**Description of the task**
When writing out the entries below, keep only the lines from the line with "かつて最大市場だった中国は四" to the line with "vegetable, cooking, italy", both included, exactly as they are, and leave the pictures aside.

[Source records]
++++++++

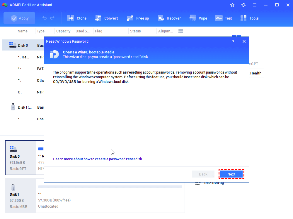 So, the most straightforward solution is to choose a third-party Windows password recovery tool for your Windows 10. AOMEI Partition Assistant is capable of creating a portable tool for Windows 10 password recovery. It also allows you to remove or reset local passwords under WinPE without the need to create them beforehand.
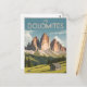 En brinnande och nostalgisk bild av Dolomiterna, Italien, känd för sina dramatiska bergstoppar och fantastiska naturskönhet. Konstruktionen fångar upp det robusta alpinlandskapet med kalkstensklippor, spola grönt ängar och serene Berge sjöar. I en vintage stil frammanar teckningen Dolomiternas lugn och äventyrliga anda och uppmanar tittarna att uppleva sin frilandsallyr och scenmajestät.
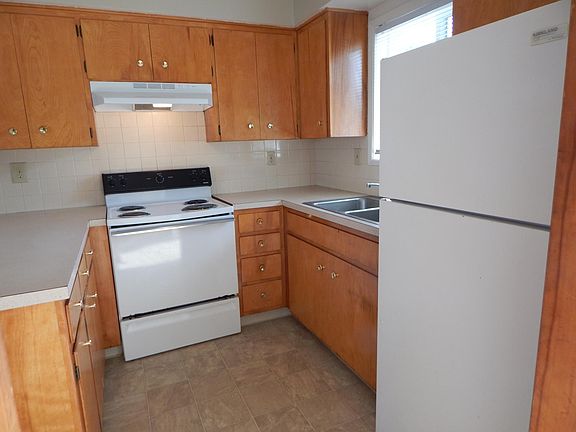 Updated 2 bedroom 1 bath downstairs apartment with off-street parking. New flooring in living room and carpet in bedrooms. New paint throughout. Kitchen with range and fridge. Private patio off living room. On-site coin laundry. W,S,G Paid! Close to fair grounds and shopping. SQFT is approx. Water, sewer, garbage paid
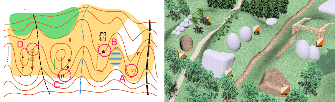 For most exercises, I envisaged a base scene with customisable elements – for instance a path might be swapped with a fence, or a thicket with a clearing – and then created a 3D model of this scene in Rhino3D in parallel with a map of the scene in CorelDraw v10.
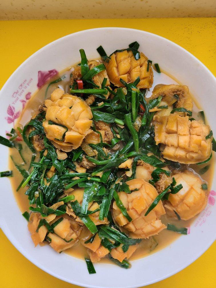 按照红烧的做法,最后快出锅的时候扔了把韭菜进去😊
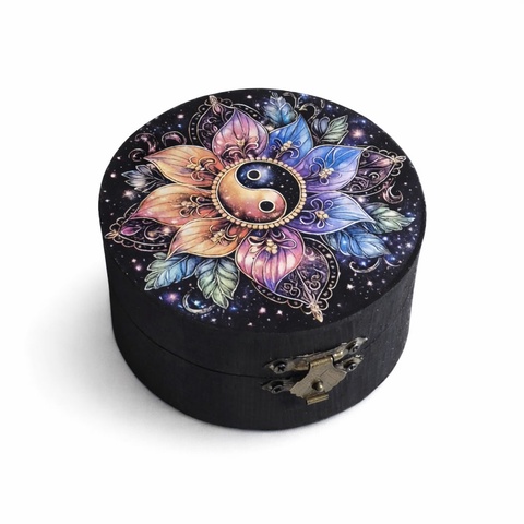 Cutie rotundă din lemn cu simbol Yin Yang si mandala – 223900
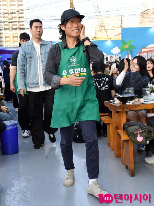 [텐아시아=조준원 기자]배우 유해진이 25일 서울 중구 한 호프집에서 열린 소주전쟁 유해진과 함께하는 소주포차 오픈 행사에 참석해 포즈를 취하고 있다.
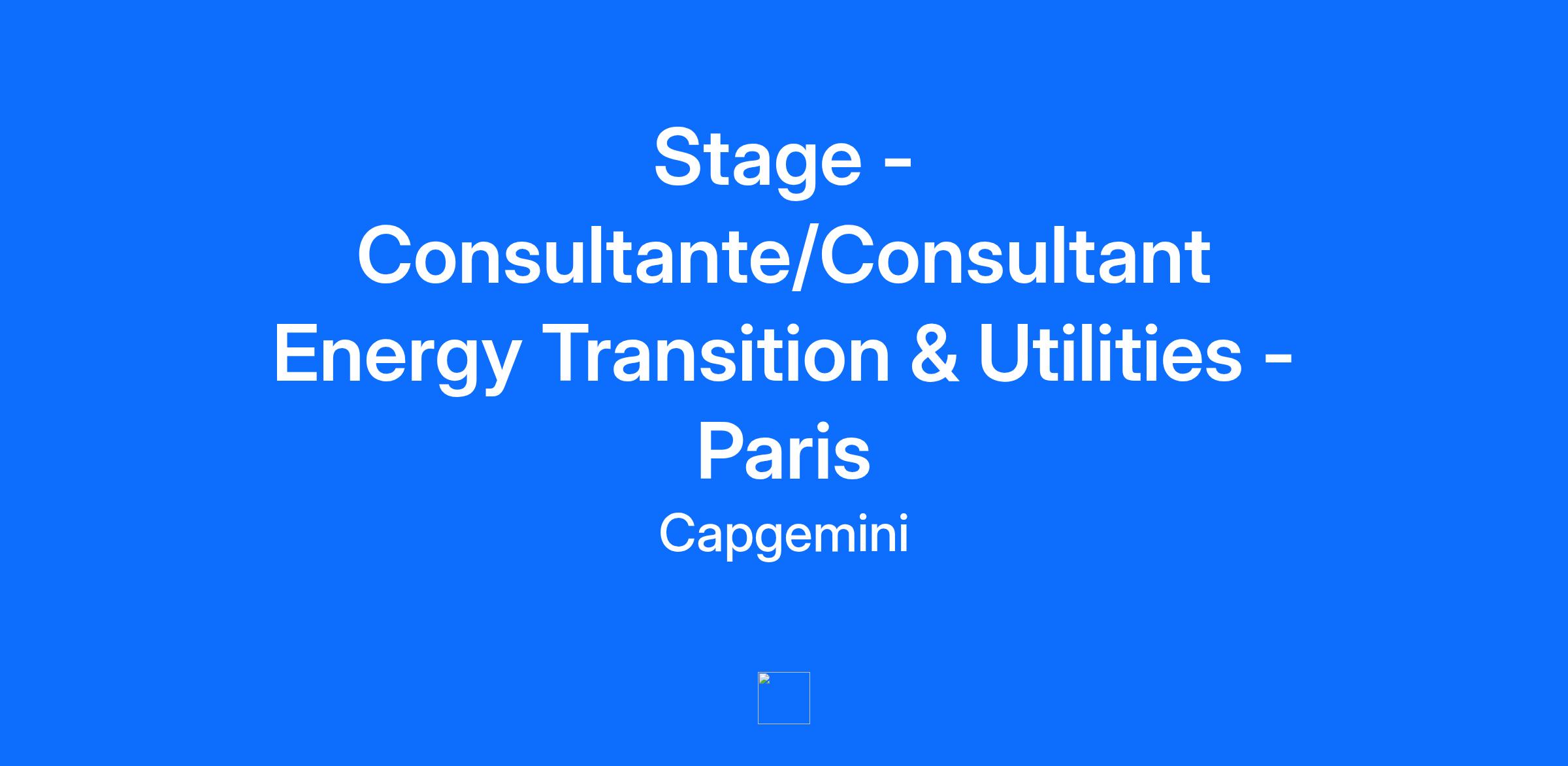 Chez Capgemini Invent, nous croyons que l'innovation est le moteur du changement. En tant que consultants en transformation digitale, nous combinons nos capacités stratégiques, créatives et scientifiques, en collaborant étroitement avec nos clients pour leur fournir des solutions de pointes. Rejoignez-nous pour conduire une transformation adaptée aux défis d'aujourd'hui et de demain. Stage à pourvoir dès janvier 2026 Vos missions Au sein de l'entité Energy Transition & Utilities, les activités s’inscrivent dans un contexte riche en innovations depuis la transition énergétique et environnementale, l’amélioration de la performance jusqu'à l'émergence de nouveaux business models ou encore la réflexion autour de services digitaux. Nos missions appellent à la fois le recul, la vision et l’apport opérationnel d'experts du domaine. En tant que consultant junior stagiaire en transformation et innovation, vous interviendrez auprès de clients du secteur de l'énergie, de fonds d'investissement ou de consommateurs d'énergie. Vous mènerez à bien des missions de conseil stratégique, de conseil en innovation et technologies, de diversification et d’appui au business development et aux projets au sein des directions métiers de nos clients, telles que : Redéfinir l’operating model de la branche renouvelable d’un acteur majeur de l’énergie Sensibiliser et déployer sur le terrain la nouvelle stratégie groupe d’un grand acteur de l’énergie Accompagner la transformation digitale des opérations Appréhender toutes les étapes de mise en œuvre de nos missions : constitution d’offre, cadrage et stratégie, modèles d’affaires, transformation d’organisation, gestion de projet, conduite du changement Maîtriser les dernières technologies (IoT, IA, data…) et leurs cas d’usage Votre profil Vous êtes en 5ème année d’école de commerce, d’ingénieur ou d’université d'un cursus orienté énergie, Vous êtes à la recherche d'un stage de fin d'études, Vous avez une appétence marquée pour les sujets liés aux transformations des entreprises, à l’innovation digitale et au secteur de l'énergie, Pratiquant couramment l’anglais et le français, Curiosité intellectuelle et grande capacité d’adaptation, Vous souhaitez intégrer un environnement professionnel motivant où vous valoriserez votre esprit d’équipe, vos capacités d’analyse et de synthèse au service de nos clients. 3 raisons de nous rejoindre Qualité de vie au travail : accord de télétravail en France et à l’international, accord sur l’égalité professionnelle, la parentalité, l’équilibre des temps et la mobilité durable. Apprentissage en continu : certifications et formations en libre accès, accompagnement sur mesure avec votre career manager, parcours d’intégration sur plusieurs mois. Avantages groupe & CSE : plan actionnariat, tarifs préférentiels, remboursement partiel vacances, remboursement de votre abonnement sportif ou culturel. Nos engagements et priorités Le groupe Capgemini encourage une culture inclusive dans un cadre multiculturel et handi-accueillant. En nous rejoignant, vous intégrez un collectif qui valorise la diversité, développe le potentiel de ses talents, s’engage dans des initiatives solidaires avec ses partenaires, et se mobilise pour réduire son impact environnemental sur tous ses sites et auprès de ses clients.Capgemini Invent est la marque d’innovation digitale, de design et de transformation du groupe Capgemini. Etablie dans plus de 30 studios et plus de 60 dans le monde, elle compte une équipe de plus de 12 500 experts en stratégie, data scientists, concepteurs de produits et d’expériences ou encore experts en marques et en technologie qui développent de nouveaux services digitaux, produits, expériences et modèles d’affaire pour une croissance durable. Get The Future You Want* | www.capgemini.com/fr *Capgemini, le futur que vous voulez
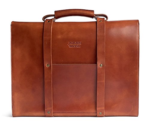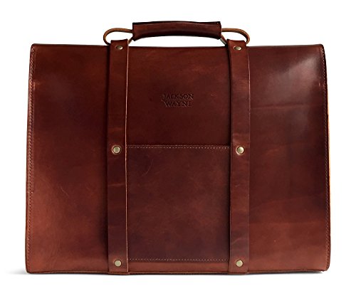 -. Brand : Jackson Wayne -. Department : unisex-adult (lage only) -. Feature : Thick 8 oz. full grain vegetable tanned American harness leather; 3 times thicker than most mass market bags / Unlined, finished leather interior; no cheap linings that will rip; rich character & smell of real leather / Antique brass hardware throughout for durability and classic aesthetic appeal / Heavy gauge bonded nylon thread for long term durability; stronger than polyester & cotton thread used in most bags / Lifetime Warranty; Dimensions: 12" (H) x 16" (W) x 5.25" (D) -. ProductGroup : Apparel -. ProductTypeName : LAGE -. Size : One Size -. Title : Jackson Wayne Vintage Full Grain Leather Briefcase Laptop Bag
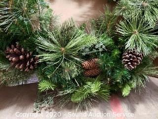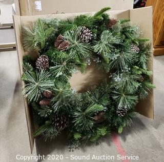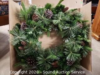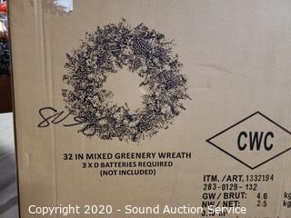 Lot #0078: Like New 32" Mixed Greenery LED Pre-Lit Wreath
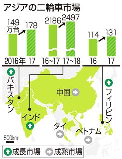 かつて最大市場だった中国は四輪車への移行もあり伸び悩んでいる。これまで成長の主役だったベトナムやタイの販売台数も鈍化傾向にある。二輪車世界首位であるホンダの五十嵐雅行執行役員は「成熟市場なので、これ以上は伸びにくい」と話す。愛車に個性を求める客層が増え、細身のボディーや剛性のあるボディーなど地元の人気に合わせたモデルを発売しているという。
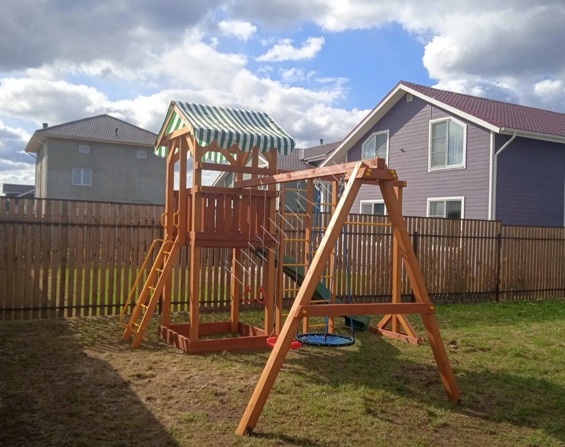 Площадка Парус 2 обладает довольно широким функционалом (который по желанию можно легко расширить). Детская площадка предназначена для дачи, коттеджа.
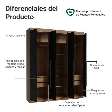 18x de $ 944.39 sin intereses9% OFF$ 16,99900$ 18,69900Precio unitario /AgotadoClóset Matrimonial Venus 6 Puertas Batientes Marrón/Neg...
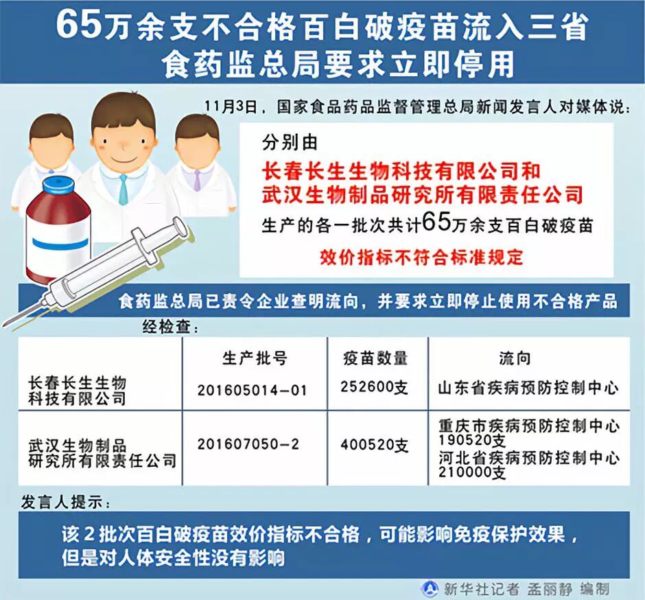 当时有65万余支不合格白百破疫苗流入市场后被召回,
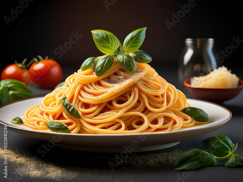 pasta, spaghetti, food, italian, meal, plate, dinner, sauce, dish, cookery, lunch, tomatoes, basil, noodle, cheese, carbonara, white, epicure, fresh, healthy, eat, mediterranean, vegetable, cooking, italy
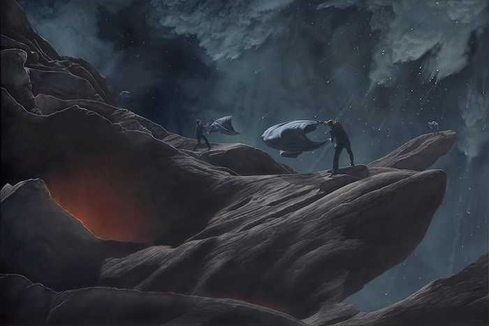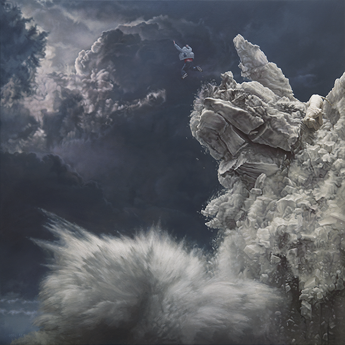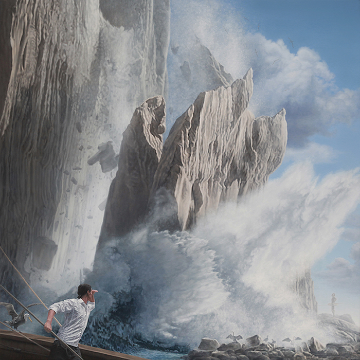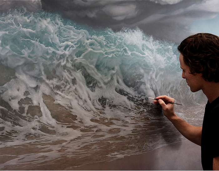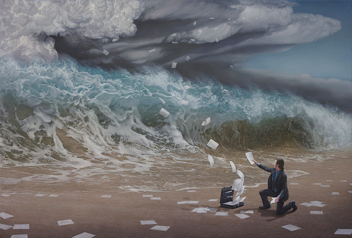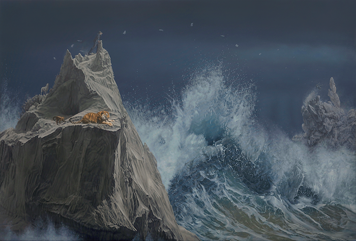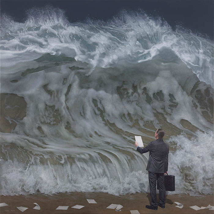 Шторм, беспощадно надвигающийся на человека или зверя, - вот мотив новых работ признанного австралийского художника Джоэля Ри. С помощью масляных красок Джоэль изображает на холсте удивительно реалистичные волны, ужасающие своим неотвратимым приближением, и противопоставляет им одетого в строгий костюм мужчину или загнанного в ловушку тигра. Возможно, это своеобразная аллегория одиночества, может быть - страха. Художник предоставляет решить это каждому зрителю для себя самостоятельно.
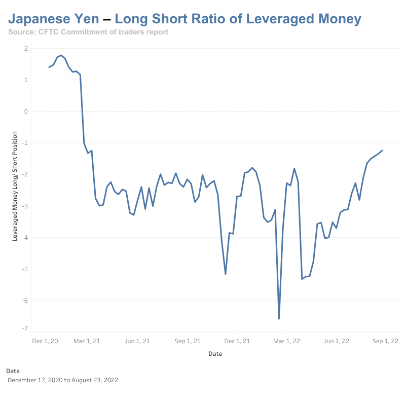 If we look at the long-short position of hedge funds for the Japanese Yen, we will realize the hedge funds traders start shorting the Yen in Dec 2021 alongside the institutional traders.
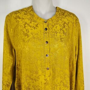 Soft Surrounding Top Blouse Women Medium Suranya Satin Gold Long Sleeve Jacquard

++++++++

**Answer space**
 かつて最大市場だった中国は四輪車への移行もあり伸び悩んでいる。これまで成長の主役だったベトナムやタイの販売台数も鈍化傾向にある。二輪車世界首位であるホンダの五十嵐雅行執行役員は「成熟市場なので、これ以上は伸びにくい」と話す。愛車に個性を求める客層が増え、細身のボディーや剛性のあるボディーなど地元の人気に合わせたモデルを発売しているという。
 Площадка Парус 2 обладает довольно широким функционалом (который по желанию можно легко расширить). Детская площадка предназначена для дачи, коттеджа.
 18x de $ 944.39 sin intereses9% OFF$ 16,99900$ 18,69900Precio unitario /AgotadoClóset Matrimonial Venus 6 Puertas Batientes Marrón/Neg...
 当时有65万余支不合格白百破疫苗流入市场后被召回,
 pasta, spaghetti, food, italian, meal, plate, dinner, sauce, dish, cookery, lunch, tomatoes, basil, noodle, cheese, carbonara, white, epicure, fresh, healthy, eat, mediterranean, vegetable, cooking, italy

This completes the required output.